Here is a simple simulation to illustrate the performance of the approximation.
```{r, cache = TRUE}
library(circTest)
set.seed(17)
X = 360*runif(7)
Y = 360*runif(8)
exact_test = circular_test(X, Y, test = "dixon")
(exact_pval = mean(exact_test$stat <= exact_test$cv$dist))
```
By simulations with $B = 10^4$ we obtain:
```{r, cache = TRUE}
mc_test = circular_test(X, Y, test = "dixon", type = "mc")
(mc_pval = mean(mc_test$stat <= mc_test$mc$dist))
```
Let's repeat this $10^3$ times with $B = 10^3$ and $B = 10^4$...
```{r, cache=TRUE}
H = 10^3
pval = matrix(NA, H, 2)
B = c(10^3, 10^4)
for (j in 1:length(B)){
for (i in 1:H){
mc_test = circular_test(X, Y, test = "dixon", type = "mc", seed = i, B = B[j])
pval[i,j] = mean(mc_test$stat <= mc_test$mc$dist)
}
}
```
```{r}
boxplot(pval, col = "lightgrey", names = c("B = 10^3", "B = 10^4"))
abline(h = exact_pval, col = 2, lwd = 2)
```
We can also obtain an estimation of precision of the obtained p-value by non-parametric bootstrap.
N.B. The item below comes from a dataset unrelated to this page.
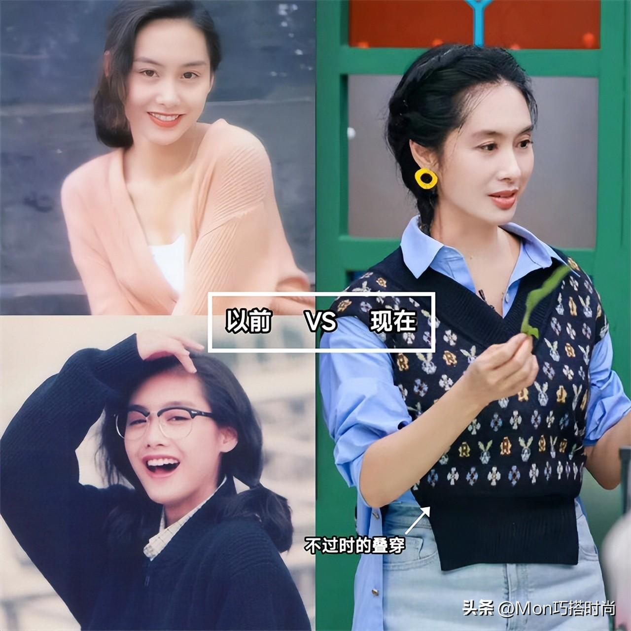 7、80年代时就已经流行起了毛衣与衬衫的叠穿,满满的少女感。就算当初的美人现在已人到中年,衬衫和针织衫的叠穿不也照样好看?

For example, we could do:
```{r}
pval_boot = function(out, B = 10^3, alpha = 0.05){
pval = rep(NA, B)
n = length(out$mc$dist)
for (i in 1:B){
dist_star = out$mc$dist[sample(1:n, replace = TRUE)]
pval[i] = mean(out$stat <= dist_star)
}
list(sd = sd(pval), quant = as.numeric(quantile(pval, probs = c(alpha/2, 1 - alpha/2))))
}
```
Using our previous example, we obtain:
```{r}
pval_boot(mc_test)
```
which seems reasonable given the boxplot presented above.
Finally, we study the coverage properties using $10^3$ simulations of this method for 95% confidence intervals with $B = 10^4$.
```{r, cache=TRUE}
H = 10^3
test = rep(NA, H)
for (i in 1:H){
mc_test = circular_test(X, Y, test = "dixon", type = "mc", seed = i)
ci = pval_boot(mc_test)$quant
test[i] = (ci[1] < exact_pval) && (ci[2] > exact_pval)
}
(emp_cov = mean(test))
```
Therefore, we obtain an empirical coverage of `r round(100*emp_cov,1)`%.